The role of epigenetics in life history evolution.

Adaptations and responses of organisms to cope with variation in environmental conditions have interested biologists for over a century. In this study, we focus on the annual killifish genus Nothobranchius. All species are endemic to temporary ponds native to the African continent. These fishes have evolved a wide array of adaptations to survive in this harsh environment. When their habitat is inundated, dormant eggs buried in the sediment layer hatch. The larvae rapidly grow to maturity and from then onwards reproduce on a daily basis until death or until the habitat vanishes. The drought resistant eggs subsequently bridge the dry season, going through a series of developmental arrests. Environmental conditions, however, are variable between inundations of a given site and between sites. Given their limited dispersal capacity, gene flow is limited and environmental variability has to be handled in situ.

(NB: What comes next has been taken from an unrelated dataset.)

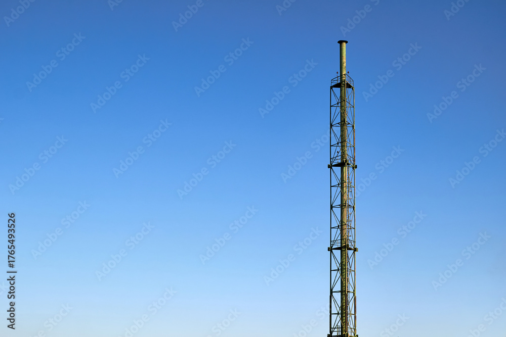 Tall industrial chimney rise into cloudless blue sky with metallic structures. Minimalism horizontal background with copy space.

Both the length of inundations and the presence of riverine fish predators differs in time. Laboratory exposures to either a desiccation or a predation risk induced a phenotypic plastic response. In both instances, adults doubled the number of eggs they produced when exposed, indicating a flexibility in life history to respond to the variability of their habitat. This flexibility however appeared to be restricted to the adult stage, as early life history variables remained unaltered under the same risks. Potentially, the inflexible juvenile stages constitute a conservative bet hedging strategy, where an all-round phenotype is produced that performs decently under most common circumstances. Speeding up life history might be physiologically impossible at that point or too costly should those cues prove to be unreliable. Delaying life history in turn might equally be too costly given their occurrence in a rapidly vanishing habitat. Standardized follow-up on embryonic development of four different N. furzeri populations revealed variation within and between populations in the developmental trajectory. This further supports the existence of a diversified bet hedging strategy, where variability in the speed of embryonic development ensures that some individuals will end up in a good inundation.

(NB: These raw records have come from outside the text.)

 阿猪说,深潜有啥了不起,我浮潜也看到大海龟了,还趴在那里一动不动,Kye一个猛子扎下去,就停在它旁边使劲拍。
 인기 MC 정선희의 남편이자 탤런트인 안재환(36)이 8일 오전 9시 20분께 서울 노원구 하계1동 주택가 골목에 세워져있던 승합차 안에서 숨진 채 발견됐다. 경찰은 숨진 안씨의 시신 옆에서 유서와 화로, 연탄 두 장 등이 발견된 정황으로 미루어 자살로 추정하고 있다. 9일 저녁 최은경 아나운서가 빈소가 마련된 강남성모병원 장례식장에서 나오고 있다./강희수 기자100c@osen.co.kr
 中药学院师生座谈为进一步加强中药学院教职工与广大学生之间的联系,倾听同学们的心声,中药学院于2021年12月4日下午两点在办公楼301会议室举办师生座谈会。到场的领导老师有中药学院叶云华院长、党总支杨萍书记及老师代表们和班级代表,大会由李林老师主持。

Aside from embryonic development, populations differed furthermore in life history traits such as the age at maturation and egg deposition. Populations originating from a dry region where inundations are typically short exhibited a faster life history pace than populations from a more humid region where inundations typically last longer. In light of life history theory, these life histories appear to be fit to reproduce as much as possible given the time available. The difference in male and female lifespan in our experimental setup suggests a trade-off between reproduction and survival, a trade-off which is supported by the negative correlation between egg deposition and lifespan in N. wattersi females. Furthermore, data obtained in a common garden experiment indicate that fast maturation times are associated with smaller adult body sizes and higher fecundities. In addition, egg deposition (as a proxy for pace of life) appeared to be linked with certain mating behaviours. In a population where females deposit a large number of eggs, males attempted to spawn a lot. Those females spent little time on mate assessment and did not resist coercive spawnings by non-preferred males. In turn, in a population where egg deposition was lower, males attempted to spawn less frequently. Females spent more time assessing potential mates and lowered the number of eggs they deposited when coerced into spawning by a non-preferred male. These behaviours fit predications postulated by the pace-of-life syndrome hypothesis, as a higher pace of life appears to be associated with a more aggressive mating system compared to a lower a pace of life.

These mating behaviours also shed new light on sexual selection and reproductive isolation in Nothobranchius. We found that the level of sexual size dimorphism was larger in a slow paced population compared to a fast paced population, suggesting that there are more opportunities for female choice and sexual selection in the former. Female choice in itself however appears to be an ineffective prezygotic isolation barrier, as it is largely overruled by male coercion. Potentially, selection against hybrids played a role in the origin of reproductive isolation in Nothobranchius fishes.